Tuesday, August 22, 2006

Methinks they doth protest...

I’d been looking forward to a rant-free day today following yesterday’s diatribe about sports administrators and their jealously guarded powers. But now we have a crisis in that most gentlemanly of sports – cricket. The dreaded umpire Hair – that’s his name not his coiffure – decided that the Pakistan team had tampered with the ball to make it swing more. (You’re allowed to polish one side, but not to scuff the other.) Without further discussion he reduced their score by five runs. Not a very severe punishment - less than 1% of their score in fact – but they expressed their displeasure by not coming out after the tea interval. Hair expressed his by calling the game off and awarding it to England – who had already won the series anyway. In the letter of the law he was entitled to do this – I'm not sure about the spirit.
As if we didn’t have enough problems with Pakistan, Mr Hair has now upset the president, and Pakistani pols are calling it a slur on the whole nation. But you can bet that the cricket bigwigs will back Hair.
Meanwhile the ‘faceless amateurs’ of the Football Association have banned Rooney for three weeks for being sent off during a pre-season friendly match. Well, we don’t want players to start getting above themselves. They’ll start to think that people pay to watch them – when in fact it is the officials who are the main attraction. The Roon protests, but it’s not worth it.
The blazers always win.

They flirted with flower power and bankrolled the Beatles. Some of them claim that they invented rock festivals and CND and won the 1966 World Cup for England.
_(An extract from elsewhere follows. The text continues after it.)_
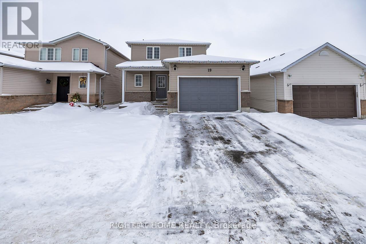 Welcome to 19 Brooking Street in Bowmanville. This 3-bedroom open concept home is perfectly located in a well sought-after, family-friendly neighbourhood just minutes from Public & Catholic Elementary schools, parks, and shops. The inviting main floor features newly installed flooring. The combined living room & dining room with gas fireplace has a walk-out to the two tiered deck and backyard. The kitchen overlooking the living room & dining room is ideal for entertaining. The staircase with newly installed broadloom leads to the second floor landing with upgraded flooring. The Primary bedroom has a double closet. The second and third bedrooms are a comfortable size with generous closet space. Enjoy relaxing and entertaining in the backyard and on the two tiered deck. The unspoiled basement is good for storage and has the laundry. The 1.5 car garage and 2 car driveway allow for ample parking. This move-in-ready home is one you won't want to miss. (id:49203)

Some even think they created women’s lib (200 years after Mary Wollstonecraft’s Vindication of the Rights of Woman) and gay rights. They also stormed the Bastille, built the Suez Canal, invented the polio vaccine and abolished slavery.
OK, maybe the baby boomers did achieve a few things, (I guess they had plenty of time on their hands, not having to fight a war) but they did not do it in silence. Roland White in the Sunday Times calls them the most self-regarding generation for generations.
On the other hand, some of them are the most caring, loving, generous people in the world.
I should know - I married one.

Monday, August 21, 2006

Send in the clowns

How do you know when Andy Murray has arrived in your country? When the ‘plane switches off its engines you can still hear the whining.
The athletically-challenged Scottish tennis player who supports any team playing against England at any sport, beat the world number one, Roger Federer, on his way to the quarter-finals of the Cincinatti Masters, then succumbed to Pete Roddick. It was, he said, the humidity: ‘I’m dying out here’, he shouted to his new coach.
We have this Scottish Home Secretary who, when the police are shown conclusively to be not doing their job, complains that the public are not reporting enough suspicious characters. If he doesn’t become the next Prime Minister, it will be another Scot, the Chancellor, who complains that we don’t pay enough tax, or the Minister of Defence (yes, you guessed it) who complains about everything. As the headline in Saturday’s Times leader put it, ‘There are few more impressive sights than a Scotsman complaining’.
So it seems I’m not the only one. There’s a video blog on YouTube by someone who calls himself ‘McRant’ who complains about the crassness of those who still think that the land north of Hadrian’s wall can support intelligent life. He argues that all the intelligent Scots have fled to England – which doesn’t say much for the ones who stayed behind.
McRant complains that every time he goes there, ‘I get this sense of meanness, lack of spirit, lack of identity, lack of people’, and that ‘holding parties to celebrate England’s defeat in the World Cup is unbelievable meanness.’
The funny thing is that McRant is a Scot.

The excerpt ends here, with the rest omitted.